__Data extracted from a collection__
>>>

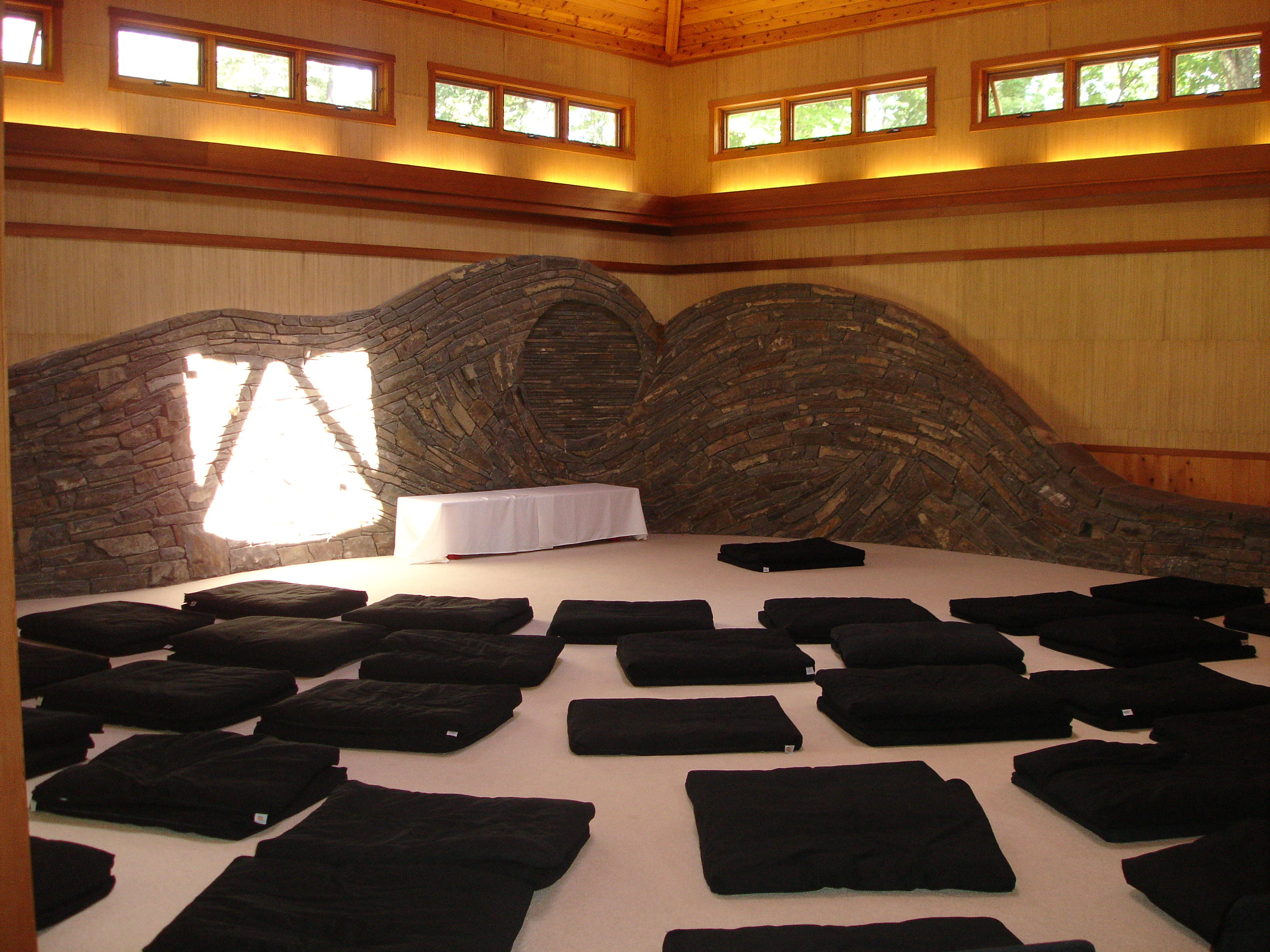 Sanctuary
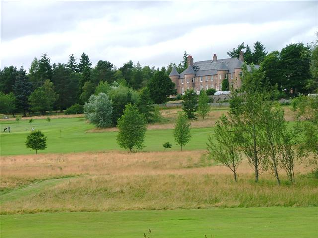 Alastrean House Overlooking Tarland Golf Course.
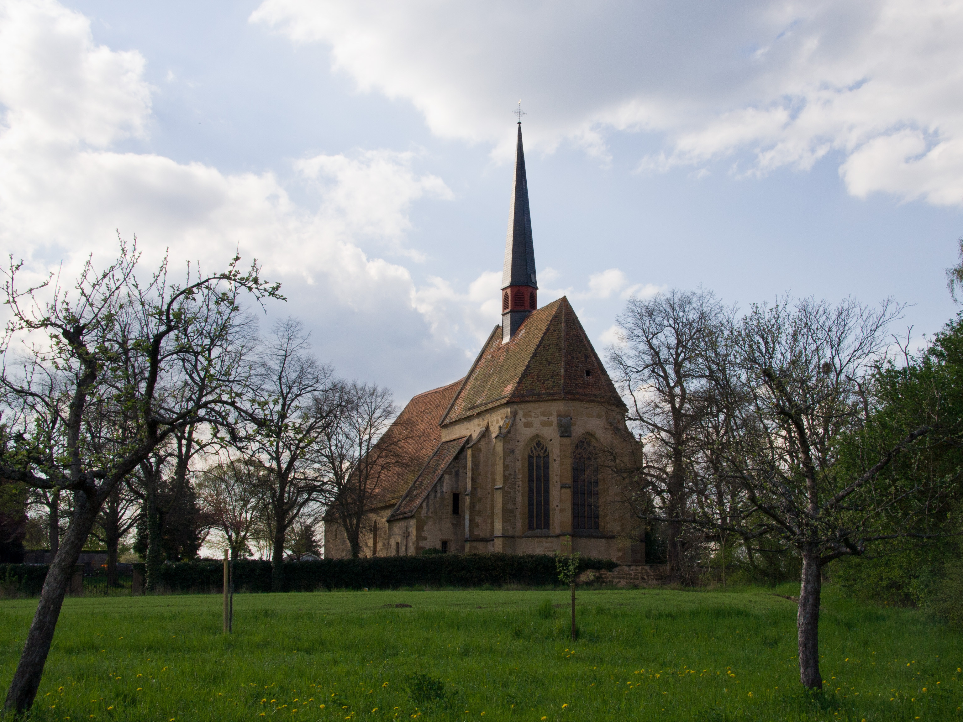 View of the Church of Our Lady in Lienzingen. Location is north-east of the church.
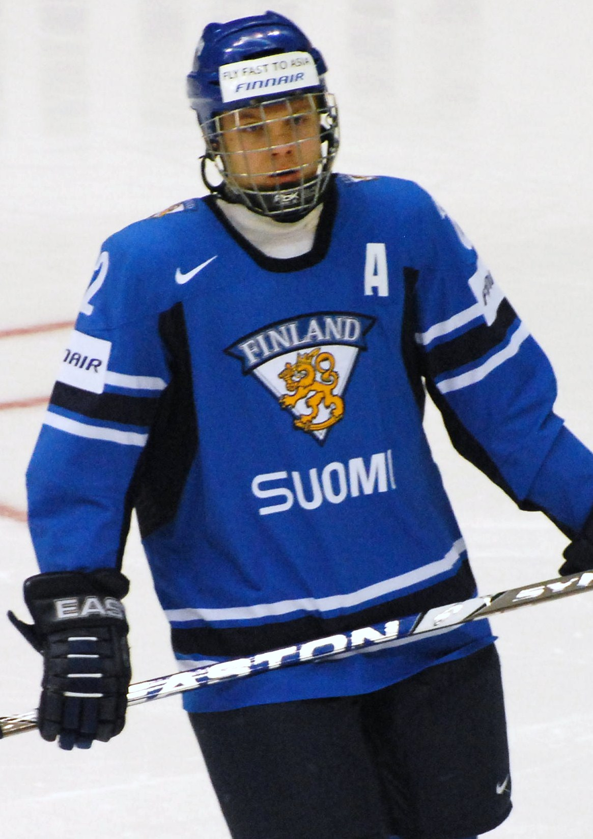 Mikael Granlund playing for Finland at the 2010 World Junior Hockey Championships.
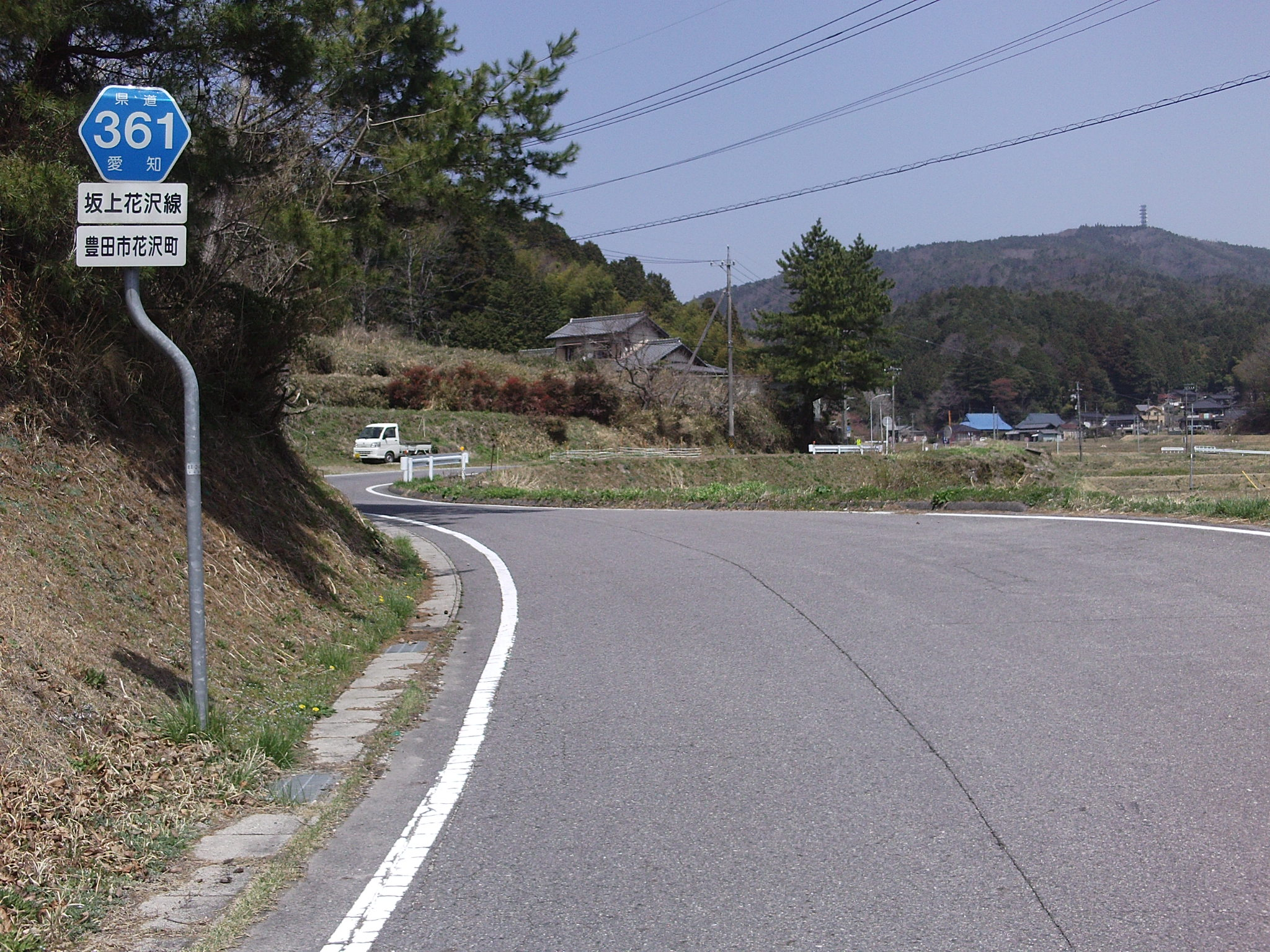 Aichi prefectural road No.361 in Hanazawacho, Toyota, Aichi.
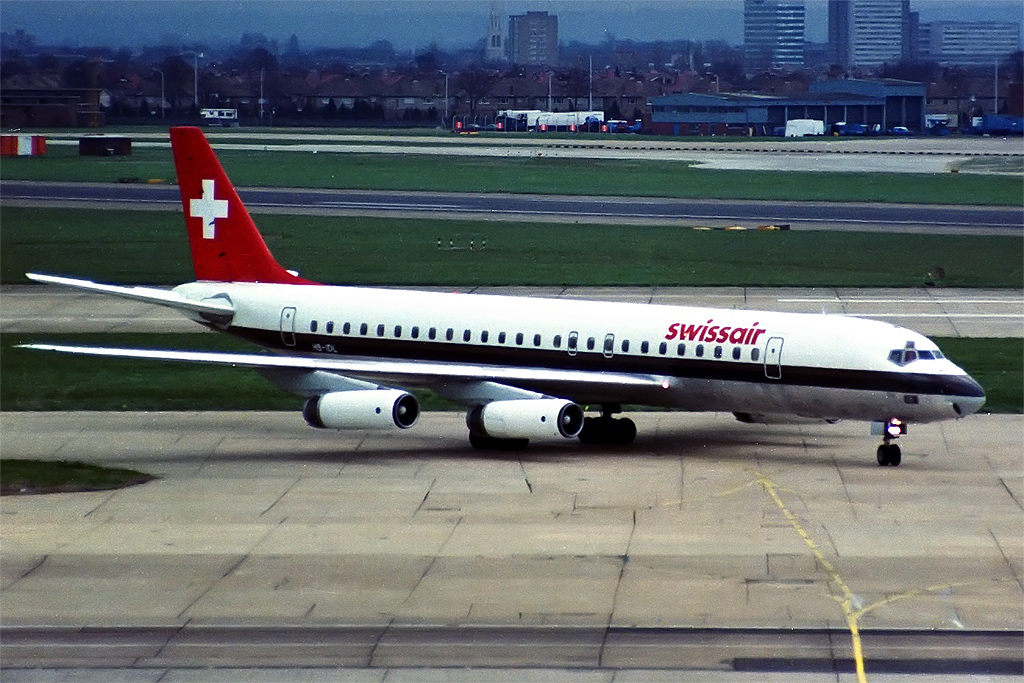 HB-IDL Douglas DC-8-62 Swissair. Heathrow 1 April 1983
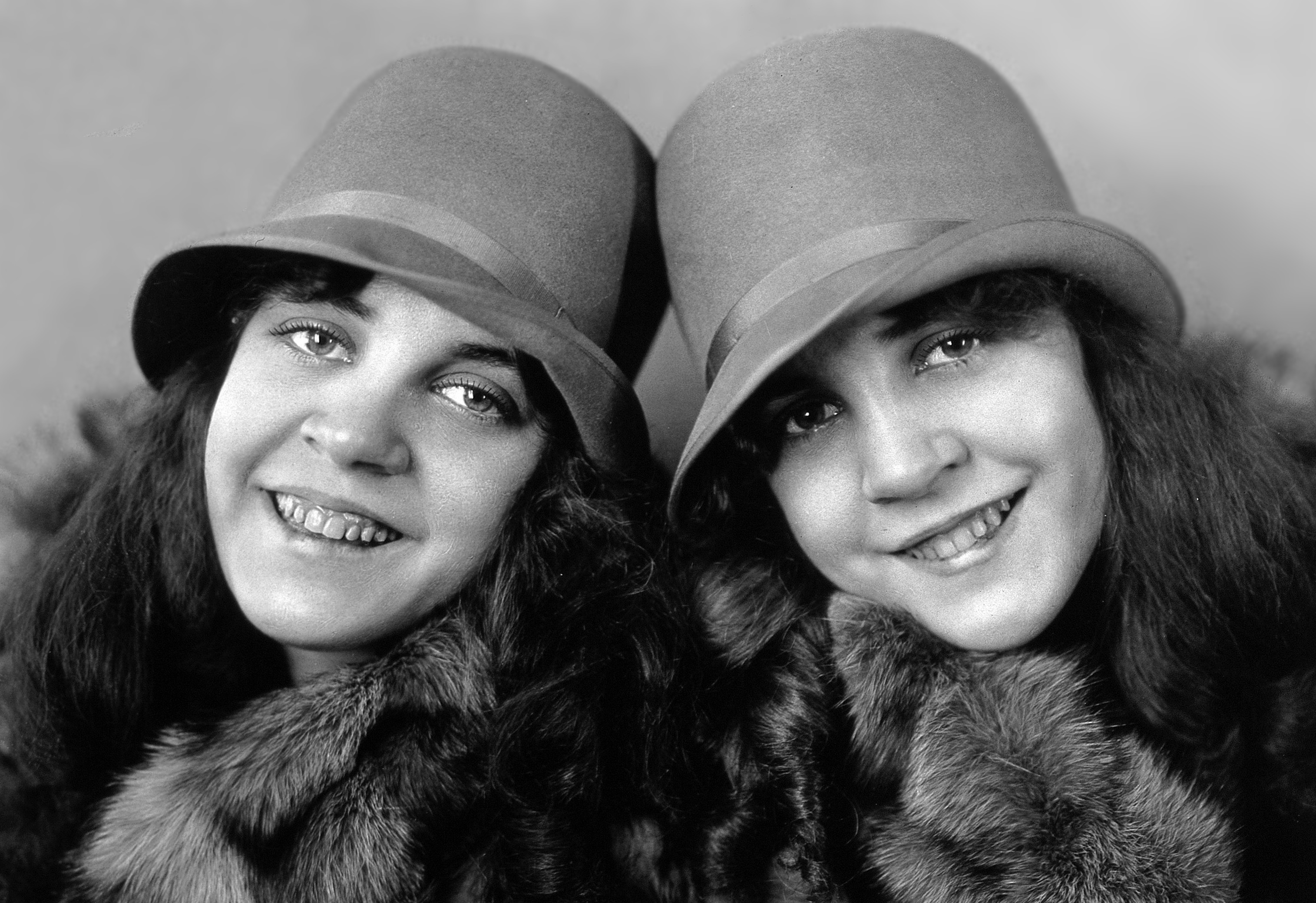 Daisy and Violet Hilton, conjoined twins

<<<

__Exercise__
Pictures are not part of the answer. Restate word for word the lines from the one with "View of the" through the last line of the records.

__Reply to the exercise__
 View of the Church of Our Lady in Lienzingen. Location is north-east of the church.
 Mikael Granlund playing for Finland at the 2010 World Junior Hockey Championships.
 Aichi prefectural road No.361 in Hanazawacho, Toyota, Aichi.
 HB-IDL Douglas DC-8-62 Swissair. Heathrow 1 April 1983
 Daisy and Violet Hilton, conjoined twins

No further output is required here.